§ **INPUT RECORDS**

*** Begin section ***

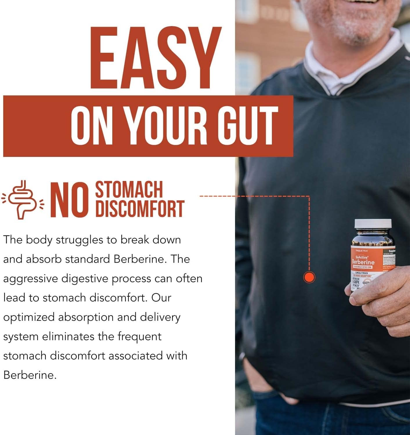 NO STOMACH DISCOMFORT: The body struggles to breakdown and absorb standard Berberine; the aggressive digestive process can often lead to stomach discomfort. Our optimized absorption and delivery system eliminates the frequent stomach discomfort associated with Berberine.
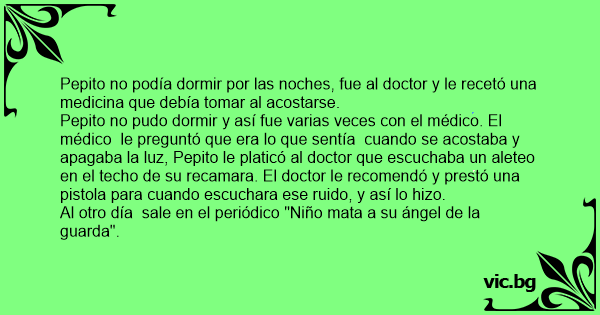 Pepito no pudo dormir y así fue varias veces соn el médico. El médico le preguntó que era lo que sentía cuando se acostaba y apagaba la luz, Pepito le platicó al doctor que escuchaba un aleteo en el techo de su recamara. El doctor le recomendó y prestó una рisтоlа para cuando escuchara ese ruido, y así lo hizo.
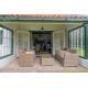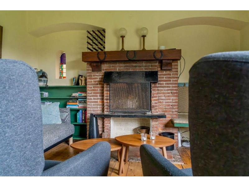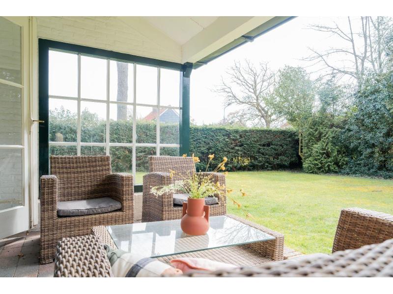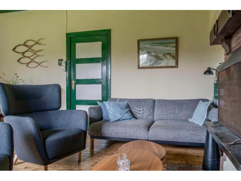 De knusse woonkamer vormt het hart van de woning, met een comfortabele zithoek, een televisie en een open haard. Een fijne plek na een dagje strand. Aansluitend vind je de eettafel, die direct grenst aan de overdekte veranda met loungehoek. Perfect voor lange zomeravonden.
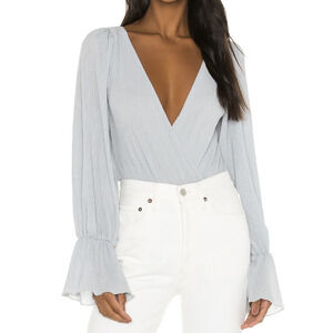 Tularosa Dusty Blue Wrap Top Bodysuit SMALL Pirate Sleeves Pleated Boho $158 NEW
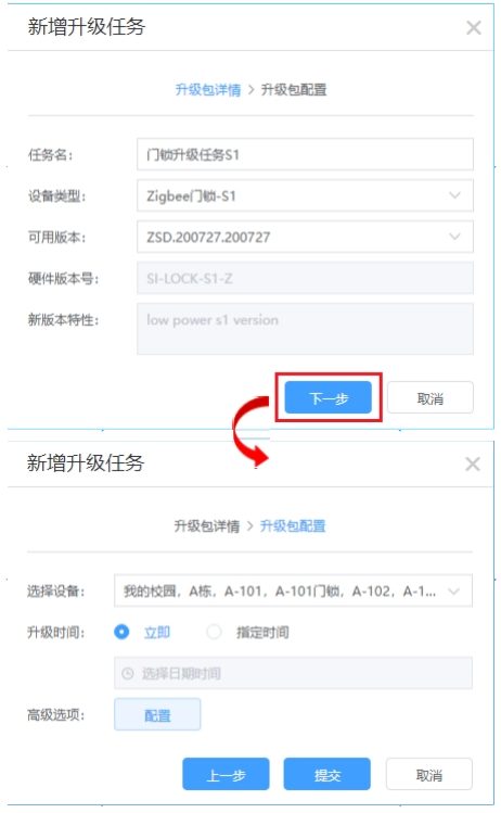 3)填写任务名称,设备类型选择[Zigbee 门锁-S1],可用版本可在下拉框中选择(此处 的版本是上传的固件包所解析的版本号),然后点击【下一步】,选择需要升级的设备(选 择 的设备为真实设备,即【终端接入】中的设备名称),点击【提交】,如图所示。
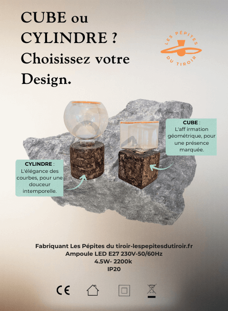 Fabriquée artisanalement en Auvergne, cette lampe incarne le savoir-faire de Les Pépites du Tiroir, une marque engagée dans une démarche locale et écoresponsable.
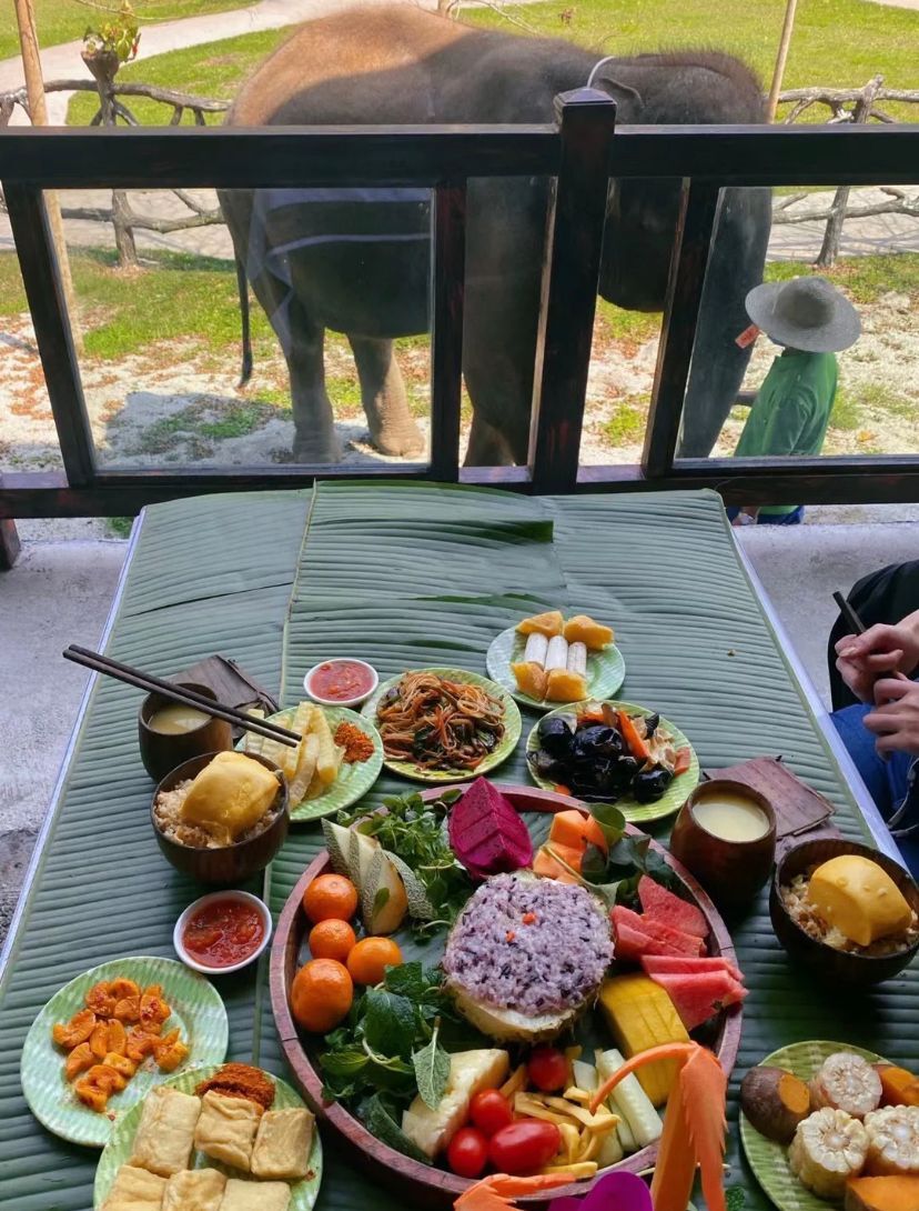 中餐,特意为您安排野象谷景区内天然、生态、健康的【象餐】。 食材选用大象平时最喜欢食用的水果和蔬菜,且均为园区内有机种植所获。新鲜有料,这才是名副其实的生态之味!

*** End section ***

§ **WORK REQUEST**
Everything from the line containing "Tularosa Dusty Blue" to the last line of the listing above must be reproduced exactly, with no pictures included.

§ **THE ANSWER**
 Tularosa Dusty Blue Wrap Top Bodysuit SMALL Pirate Sleeves Pleated Boho $158 NEW
 3)填写任务名称,设备类型选择[Zigbee 门锁-S1],可用版本可在下拉框中选择(此处 的版本是上传的固件包所解析的版本号),然后点击【下一步】,选择需要升级的设备(选 择 的设备为真实设备,即【终端接入】中的设备名称),点击【提交】,如图所示。
 Fabriquée artisanalement en Auvergne, cette lampe incarne le savoir-faire de Les Pépites du Tiroir, une marque engagée dans une démarche locale et écoresponsable.
 中餐,特意为您安排野象谷景区内天然、生态、健康的【象餐】。 食材选用大象平时最喜欢食用的水果和蔬菜,且均为园区内有机种植所获。新鲜有料,这才是名副其实的生态之味!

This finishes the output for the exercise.